[Opening RECORD EXCERPTS section]
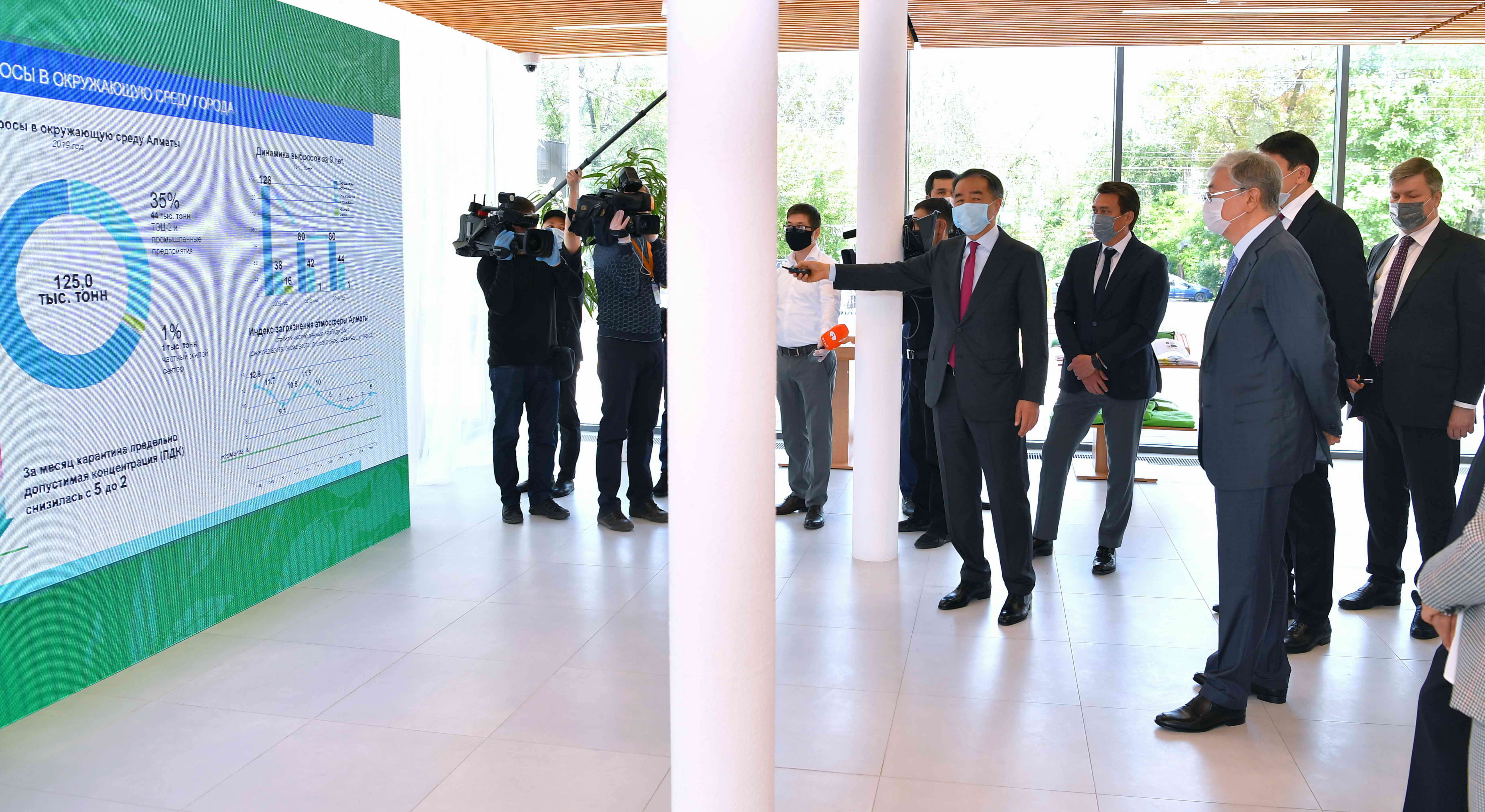 The Head of State heard a detailed report of Almaty’s Mayor Bakytzhan Sagintayev report on the development of the city, while Minister of Ecology, Geology and Natural Resources Magzum Mirzagaliyev reported on the environmental situation in Almaty.
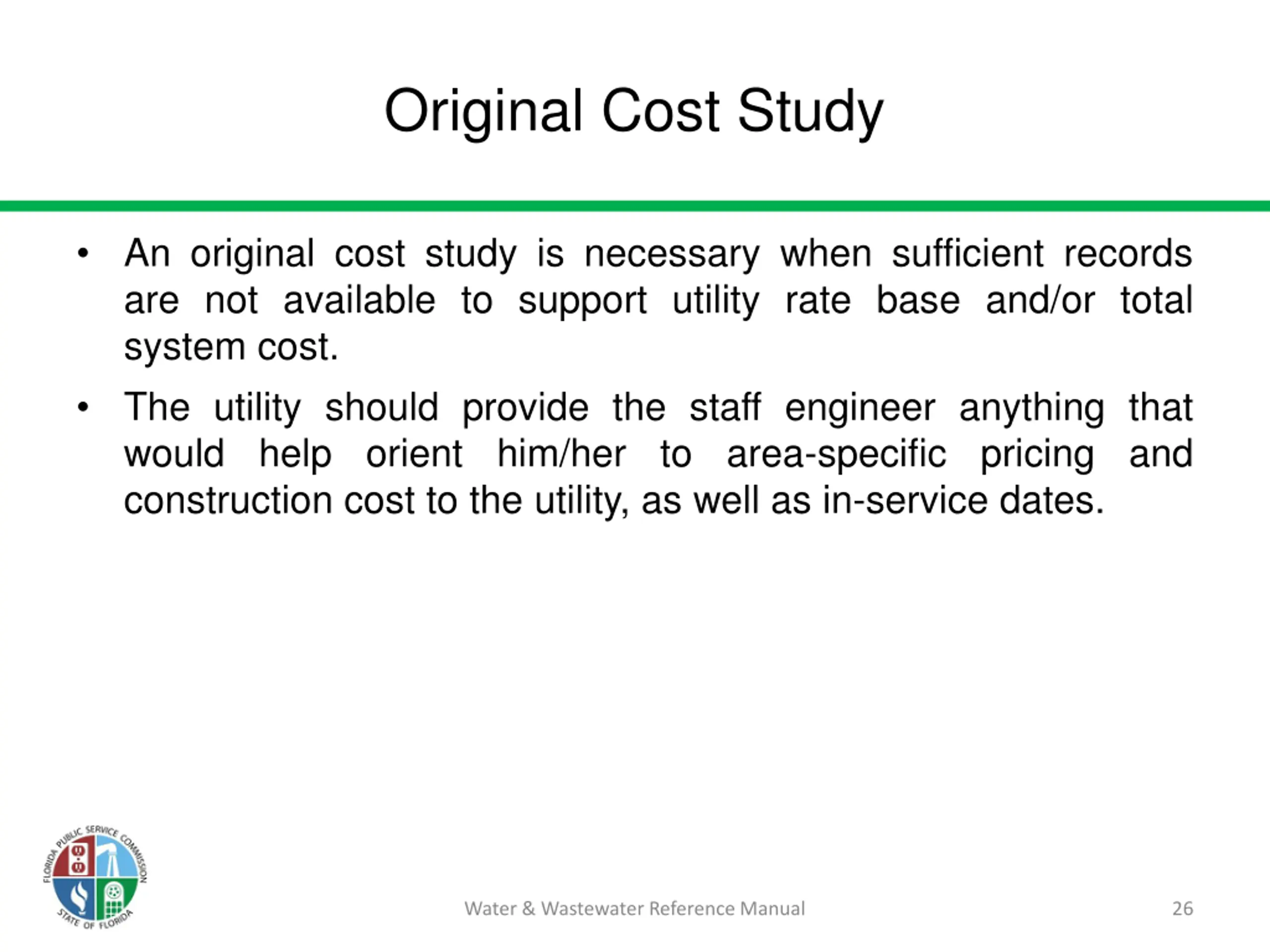 Original Cost Study An original cost study is necessary when sufficient records are not available to support utility rate base and/or total system cost. The utility should provide the staff engineer anything that would help orient him/her to area-specific pricing and construction cost to the utility, as well as in-service dates. Water & Wastewater Reference Manual 26
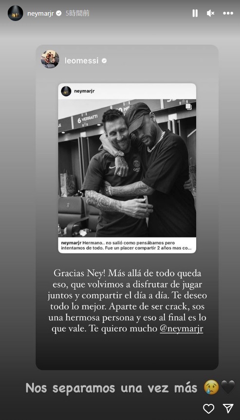「ネイマールのなんて素敵なメッセージなんだ。君とレオがまた一緒になれたのを見るのはとてもいいことだった。でも、それ以上に素敵なのは、君たちはお互いに愛情を持ち、常に互いを支え合っていること!2人とも愛しているぜ」とのメッセージを送っている。
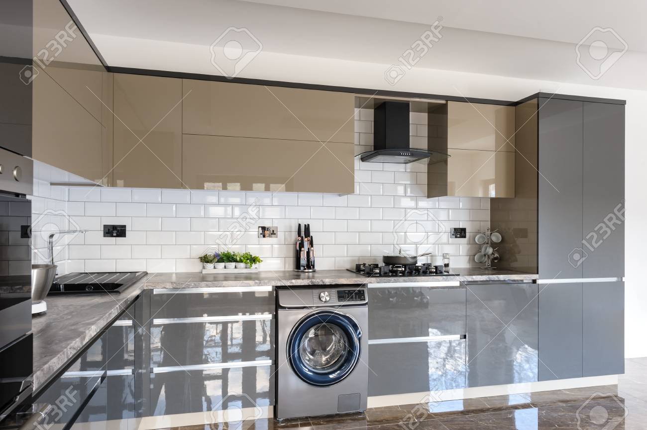 Luxury Modern White Beige And Grey Kitchen Interior
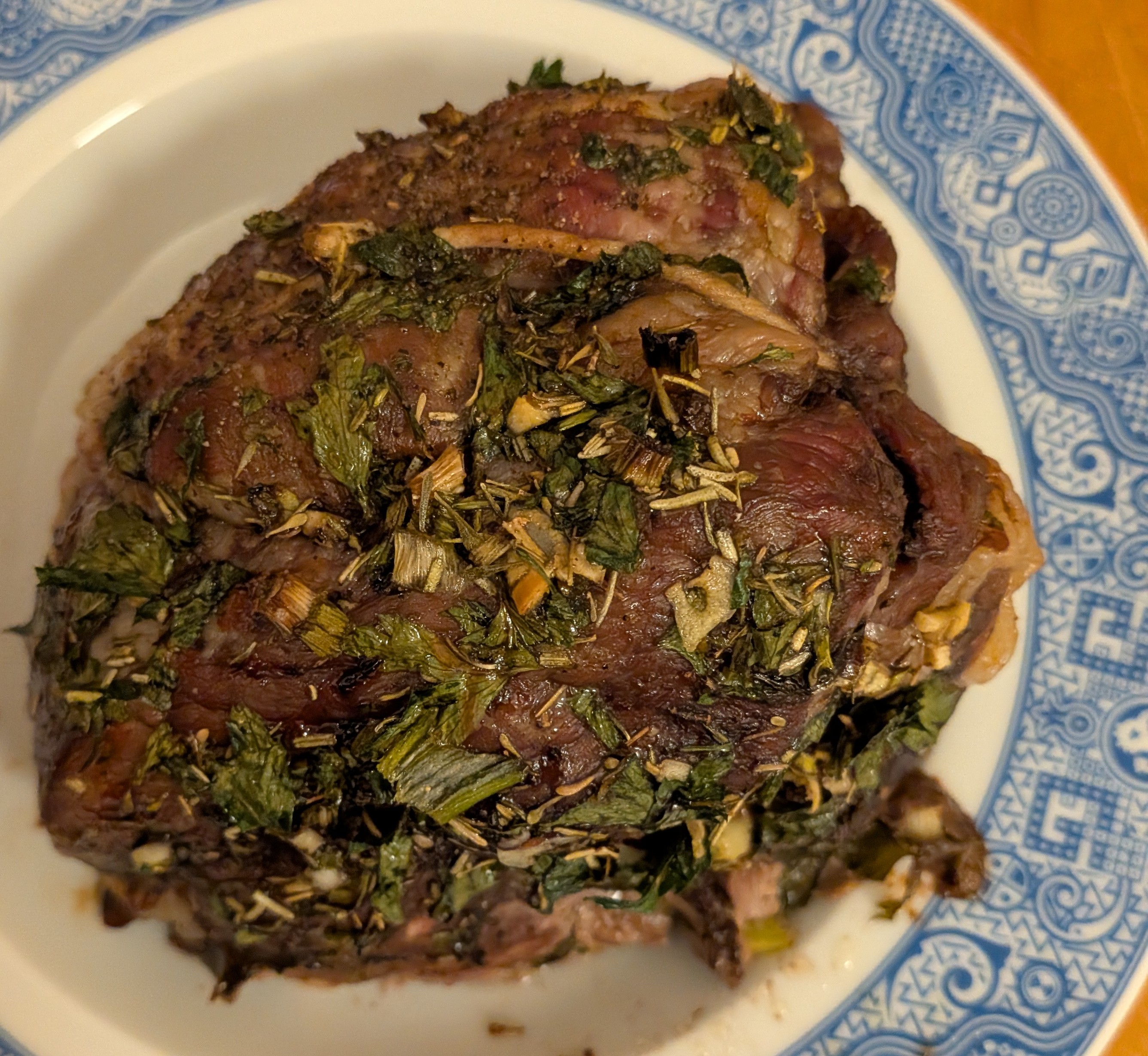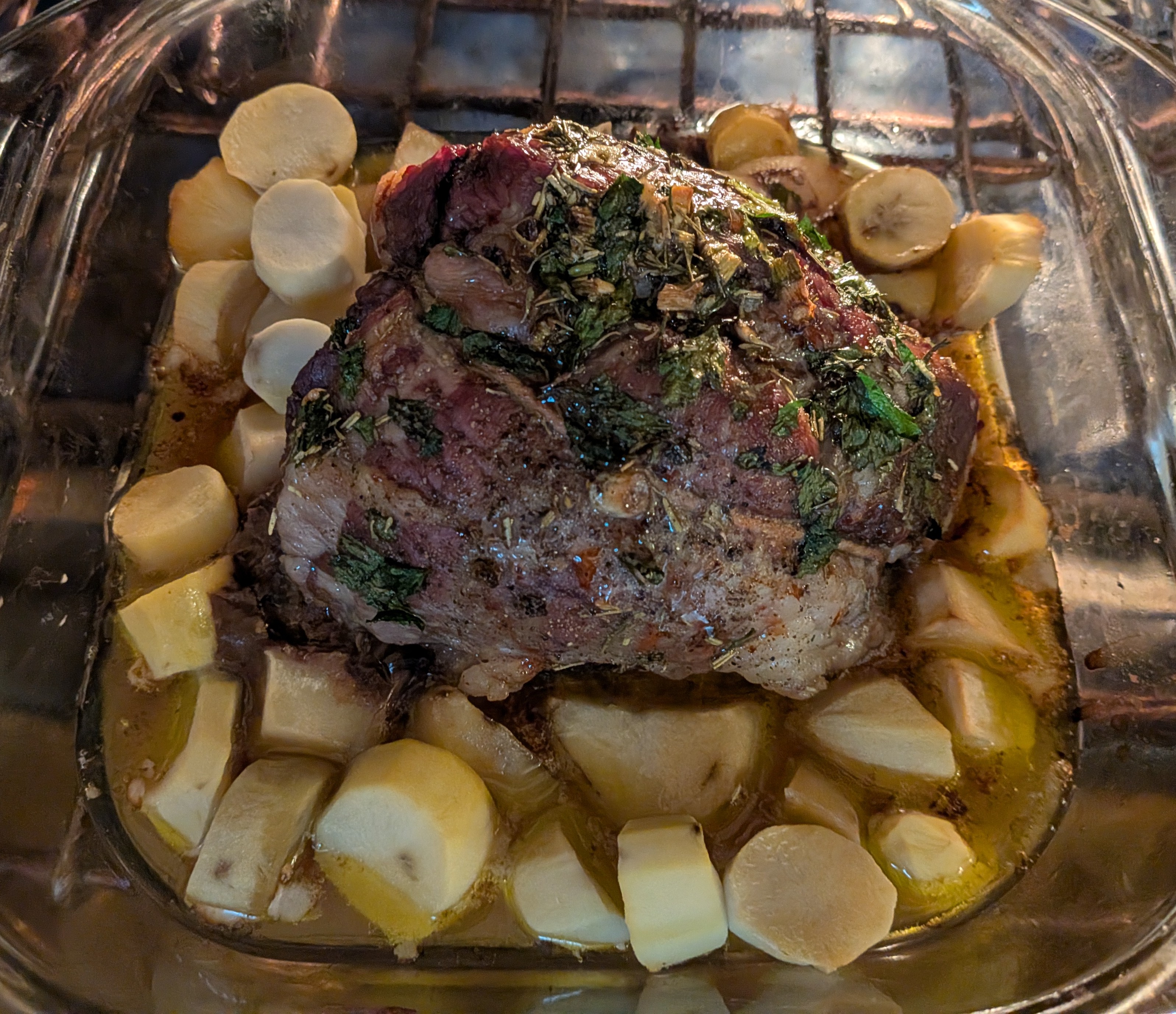 Boneless leg of lamb with parsley, green onion, and garlic crust, roasted at 250 F with the convection fan on for around 2.5 h.
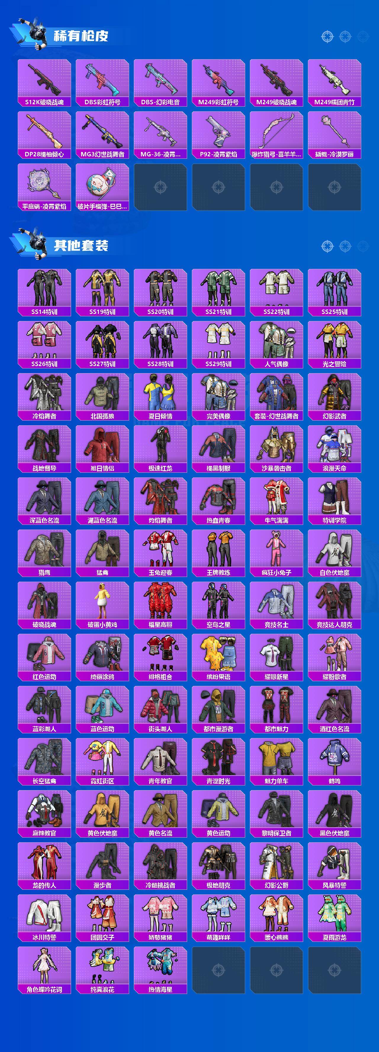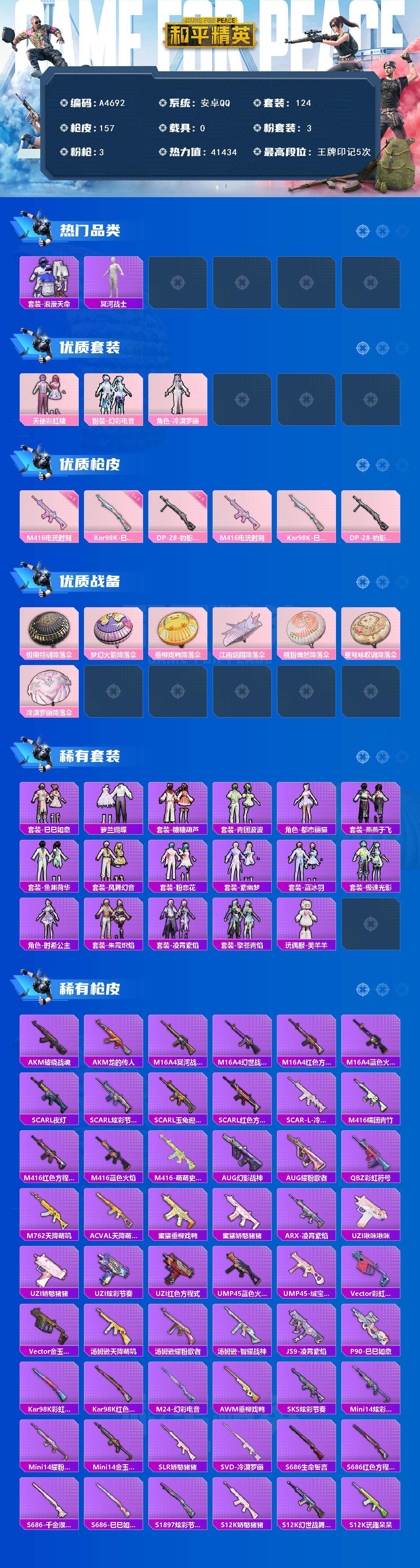[15987916]安卓 【小号 浪漫天命 冥河战士】手q-3粉装-3特效呛-0载具-2粉色飞行器-41434热力值-5王牌印记-124套装-157呛皮 【热门品类】:套装-浪漫天命,套装-冥河战士 【粉色套装】:粉装-天使彩虹糖,粉装-幻彩电音,角色-冷漠罗丽 【粉色呛皮等级】:m416-电玩时刻五级,kar98k-巳巳如意五级,dp-28-豹影疾电五级 【粉色呛皮】:m416-电玩时刻,kar98k-巳巳如意,dp-28-豹影疾电 【粉色降落伞】:极限特训降落伞,梦幻火箭降落伞,垂柳戏鸭降落伞,江南烟雨降落伞,桃粉嫣然降落伞,星穹咏叹调降落伞,冷漠罗丽降落伞,炫彩糖果降落伞 【稀有套装】:套装-巳巳如意,套装-雪国风尚,套装-炫彩糖果,套装-萝兰蝴蝶,套装-糖糖葫芦,套装-青团波波,角色-都市丽猫,套装-燕燕于飞,套装-鱼渊荷华,套装-风舞幻音,套装-粉恋花,套装-紫幽梦,套装-蓝冰羽,套装-极速光影,角色-时希公主,套装-朱霞炽焰,套装-凌霄紫焰,套装-擎苍青焰,玩偶服-美羊羊 【稀有呛皮】:akm-破晓战魂,akm-龙的传人,m16a4-冥河战士,m16a4-幻世战舞者,m16a4-红色方程式,m16a4-蓝色火焰,scar-l-夜灯,scar-l-炫彩节奏,scar-l-玉兔迎春,scar-l-红色方程式,scar-l-冷漠罗丽,m416-糯团青竹,m416-红色方程式,m416-蓝色火焰,m416-萌萌史莱姆,aug-幻影战神,aug-耀粉歌者,q-彩虹符号,m762-天降萌叽,ac-val-天降萌叽,蜜獾-垂柳戏鸭,蜜獾-娇憨猪猪,arx-凌霄紫焰,uzi-啾咪啾咪,uzi-娇憨猪猪,uzi-炫彩节奏,uzi-红色方程式,ump45-蓝色火焰,ump45-绒宝小鹅,vect-彩虹符号,vect-金玉无双,汤姆逊-天降萌叽,汤姆逊-耀粉歌者,汤姆逊-智耀战神,js9-凌霄紫焰,p90-巳巳如意,kar98k-彩虹符号,kar98k-红色方程式,m24-幻彩电音,awm-垂柳戏鸭,sks-炫彩节奏,mini14-炫彩节奏,mini14-耀粉歌者,mini14-金玉无双,slr-娇憨猪猪,svd-冷漠罗丽,s686-生命誓言,s686-红色方程式,s686-巳巳如意,s686-千金淑猫,s1897-炫彩节奏,s12k-玩趣呆呆,s12k-破晓战魂,s1
[Closing RECORD EXCERPTS section]
### PROBLEM REQUIREMENTS
Retype every entry exactly as written. Leave the pictures out.

### EXERCISE RESPONSE
 The Head of State heard a detailed report of Almaty’s Mayor Bakytzhan Sagintayev report on the development of the city, while Minister of Ecology, Geology and Natural Resources Magzum Mirzagaliyev reported on the environmental situation in Almaty.
 Original Cost Study An original cost study is necessary when sufficient records are not available to support utility rate base and/or total system cost. The utility should provide the staff engineer anything that would help orient him/her to area-specific pricing and construction cost to the utility, as well as in-service dates. Water & Wastewater Reference Manual 26
「ネイマールのなんて素敵なメッセージなんだ。君とレオがまた一緒になれたのを見るのはとてもいいことだった。でも、それ以上に素敵なのは、君たちはお互いに愛情を持ち、常に互いを支え合っていること!2人とも愛しているぜ」とのメッセージを送っている。
 Luxury Modern White Beige And Grey Kitchen Interior
 Boneless leg of lamb with parsley, green onion, and garlic crust, roasted at 250 F with the convection fan on for around 2.5 h.
[15987916]安卓 【小号 浪漫天命 冥河战士】手q-3粉装-3特效呛-0载具-2粉色飞行器-41434热力值-5王牌印记-124套装-157呛皮 【热门品类】:套装-浪漫天命,套装-冥河战士 【粉色套装】:粉装-天使彩虹糖,粉装-幻彩电音,角色-冷漠罗丽 【粉色呛皮等级】:m416-电玩时刻五级,kar98k-巳巳如意五级,dp-28-豹影疾电五级 【粉色呛皮】:m416-电玩时刻,kar98k-巳巳如意,dp-28-豹影疾电 【粉色降落伞】:极限特训降落伞,梦幻火箭降落伞,垂柳戏鸭降落伞,江南烟雨降落伞,桃粉嫣然降落伞,星穹咏叹调降落伞,冷漠罗丽降落伞,炫彩糖果降落伞 【稀有套装】:套装-巳巳如意,套装-雪国风尚,套装-炫彩糖果,套装-萝兰蝴蝶,套装-糖糖葫芦,套装-青团波波,角色-都市丽猫,套装-燕燕于飞,套装-鱼渊荷华,套装-风舞幻音,套装-粉恋花,套装-紫幽梦,套装-蓝冰羽,套装-极速光影,角色-时希公主,套装-朱霞炽焰,套装-凌霄紫焰,套装-擎苍青焰,玩偶服-美羊羊 【稀有呛皮】:akm-破晓战魂,akm-龙的传人,m16a4-冥河战士,m16a4-幻世战舞者,m16a4-红色方程式,m16a4-蓝色火焰,scar-l-夜灯,scar-l-炫彩节奏,scar-l-玉兔迎春,scar-l-红色方程式,scar-l-冷漠罗丽,m416-糯团青竹,m416-红色方程式,m416-蓝色火焰,m416-萌萌史莱姆,aug-幻影战神,aug-耀粉歌者,q-彩虹符号,m762-天降萌叽,ac-val-天降萌叽,蜜獾-垂柳戏鸭,蜜獾-娇憨猪猪,arx-凌霄紫焰,uzi-啾咪啾咪,uzi-娇憨猪猪,uzi-炫彩节奏,uzi-红色方程式,ump45-蓝色火焰,ump45-绒宝小鹅,vect-彩虹符号,vect-金玉无双,汤姆逊-天降萌叽,汤姆逊-耀粉歌者,汤姆逊-智耀战神,js9-凌霄紫焰,p90-巳巳如意,kar98k-彩虹符号,kar98k-红色方程式,m24-幻彩电音,awm-垂柳戏鸭,sks-炫彩节奏,mini14-炫彩节奏,mini14-耀粉歌者,mini14-金玉无双,slr-娇憨猪猪,svd-冷漠罗丽,s686-生命誓言,s686-红色方程式,s686-巳巳如意,s686-千金淑猫,s1897-炫彩节奏,s12k-玩趣呆呆,s12k-破晓战魂,s1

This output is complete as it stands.